IBM Data Science Experience is an interactive, collaborative, cloud-based environment where data scientists can use multiple tools to activate their insights.  Data scientists can use the best of open source, tap into IBM's unique features, grow their capabilities, and share their successess.  In addition to all the features in the current preview, many new capabilities are being added including the ability to ingest Object Storage data with a single click, an enhanced user interface for version control, a facility to comment or chat about a notebook with others, and many more!

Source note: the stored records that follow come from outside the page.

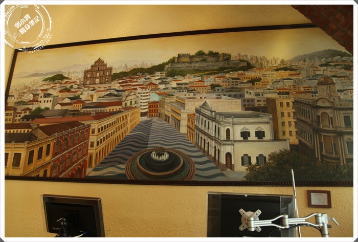 餐廳內掛的這一幅畫是當初新帆船餐廳在澳門時望出去的風景,老闆娘特地請人畫了這一幅畫,讓台灣人可以在東區的新帆船餐廳也可以看到澳門的風景。
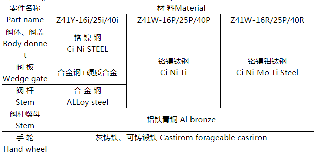 傘齒輪不銹鋼閘閥主要零件材料:
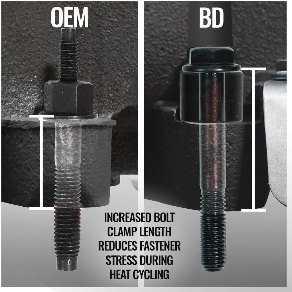 NOTE: 2019+ Vin Decoder for manifold fitment - The 6th digit designates the truck model (XXXXX6XXXXXXXXXXX). If the digit is a 6 or 7 then the truck is a RAM 1500 Classic (DS model) and the BD manifolds will fit your application. Experience unparalleled performance and durability with our enhanced Dodge/RAM truck exhaust manifolds, specifically designed for 5.7L HEMI engines. Our BD upgraded manifolds address common exhaust manifold bolt failures by incorporating extended fasteners and spacers that effectively withstand thermal expansion. In addition, we've engineered independent mounting locations for the heat shield, separating it from the mounting bolts to further enhance reliability. Crafted with precision, our BD Manifolds boast a robust, thicker design, and are constructed from high-silicon ductile iron to combat warping, ensuring your vehicle remains at peak performance for the long haul.
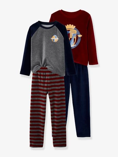 Lot de 2 pyjamas longs garçon en velours 75% coton, 25% polyester.
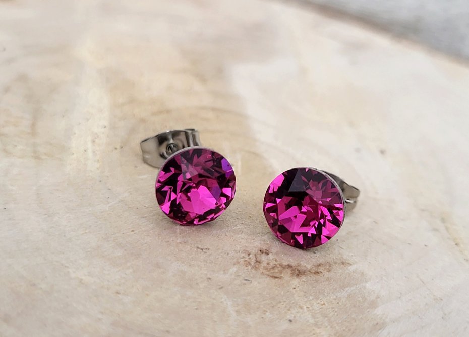 Oryginalny kryształek Swarovskiego XIRIUS Chaton o szlifie 1088 w kolorze fuchsia o śr. 8mm.
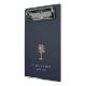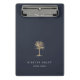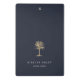 Chic personalisierte Zwischenablage bietet zwei Textzeilen in klassisch weißer Schrift, auf marineblarem Hintergrund mit einer tropischen Palmenbildermalerei in Imitaten mit Goldfolie. Design wiederholt sich auf der Rückseite. Bitte beachten Sie, dass diese Zwischenablage eine Mini-Größe hat; Vollversion ist auch in unserer Gold Palm Tree Kollektion erhältlich.
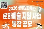 코리아타임뉴스 경기취재본부 | 광명문화재단은 지역 예술인(단체)의 안정적인 창작 환경을 조성하고 참여 기회를 확대·보장하기 위해 ‘2026년 문화예술지원 공모’ 6개 부문을 통합 시행한다고 밝혔다. 이번 통합 공모는 그동안 개별적으로 운영하던 지원 사업을 하나로 묶어 추진하는 것이 특징이다. 이를 통해 지원 체계의 효율성을 높이고 예술인의 접근성을 강화하는 한편, 지역 예술인(단체)의 실질적인 참여 기반을 한층 확대할 계획이다. 공모는 ▲청년예술인 지원 사업(청년예술인 또는 그룹·단체) ▲모든예술31 '광명_곳곳' 지원 사업(예술인·단체, 경기예술활동지원) ▲‘광명청년예술공장’ 2기 입주 작가(청년예술가) ▲‘예술공간 광명시작’ 공간 활용 사업 '광명시작에서 예술하기'(신진예술인) ▲'1인 1기' 시민 문화예술 활동 지원 사업(동아리·시민·예술 강사) ▲민간 문화공간 발굴 활성화 사업 '생기발랄 문화의집' 등 총 6개 부문으로 진행된다. 송은영 대표이사는 “이번 통합 공모는 지역 예술인(단체)의 창작 기반을 강화하고, 지속 가능한 문화예술 성장을 이끌기 위한 것”이라며 “다양한 문화 주체들의 적극적인 참여를 기
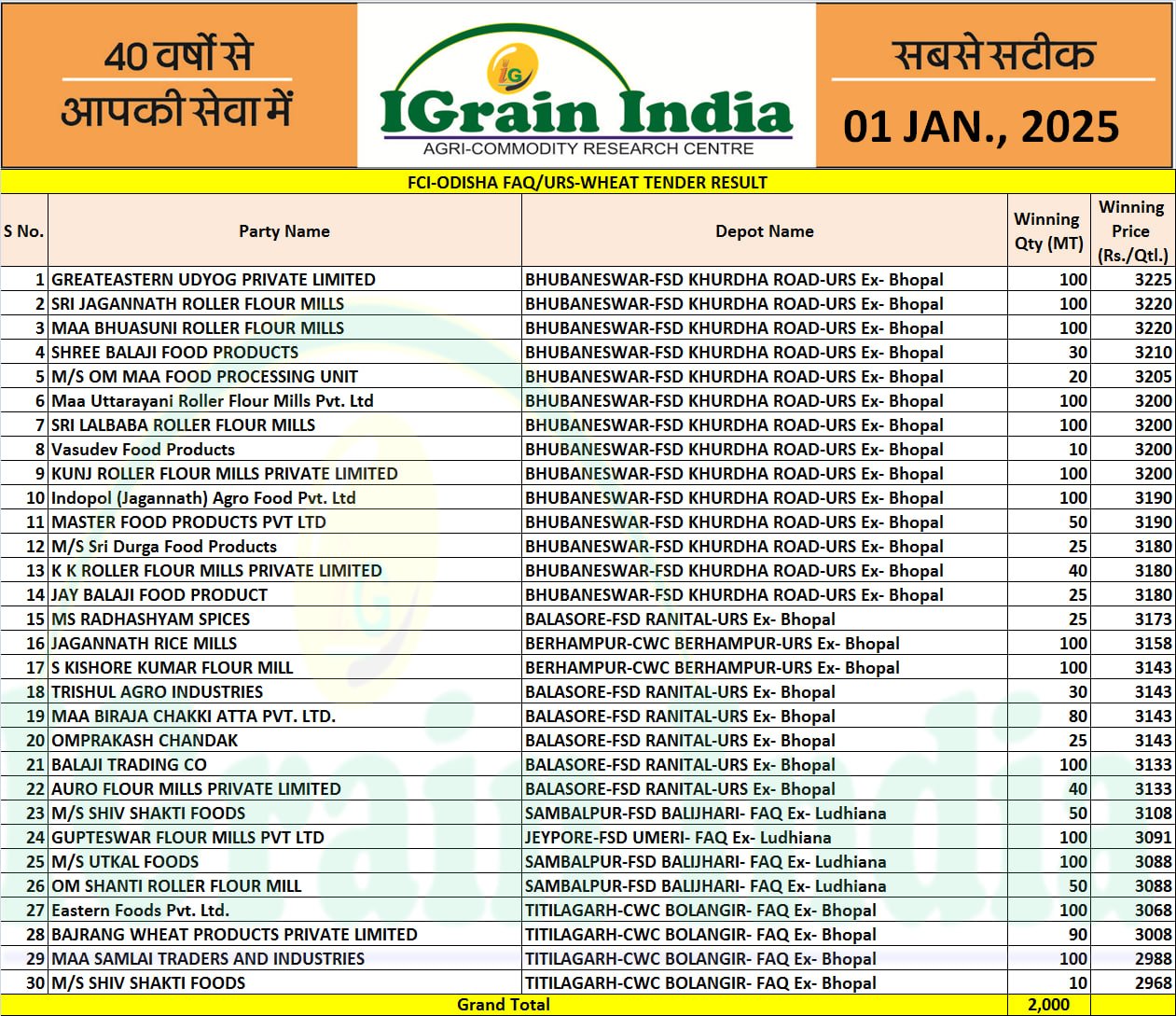 ODISHA FCI WHEAT TENDER RESULT 01-01-2025

## New York State Restaurant Inspections Notebook
This notebook will provide insights from official restaurant inspections records for most of the state of New York and provide visualizations of that data.  The location of this data is defined below.  For additional details, please see <a href="https://health.data.ny.gov/Health/Food-Service-Establishment-Last-Inspection/cnih-y5dw" target="_blank">New York State Restaurant Ratings</a>

In [None]:
nyr = 'https://health.data.ny.gov/api/views/cnih-y5dw/rows.csv?accessType=DOWNLOAD'

The csv (comma separated values) data will be read into a Pandas dataframe (nyr) and the first 5 records are displayed using the 'head()' method.<br>
Please attempt to write the code to read the csv data in the following cell without looking at the solution provided 2 cells from here.

In [None]:
import pandas as pd
# Please add your code here
nyr.head()

<b>Solution</b>: Please copy and paste the following code into the previous cell where specified.<br>
nyr = pd.read_csv(nyr)<br>

Ingesting data can be as simple as using one line of code.  Similarly, many other sources of data can be ingested from Cloudant, DashDB, Object Storage, relational databases, and many others.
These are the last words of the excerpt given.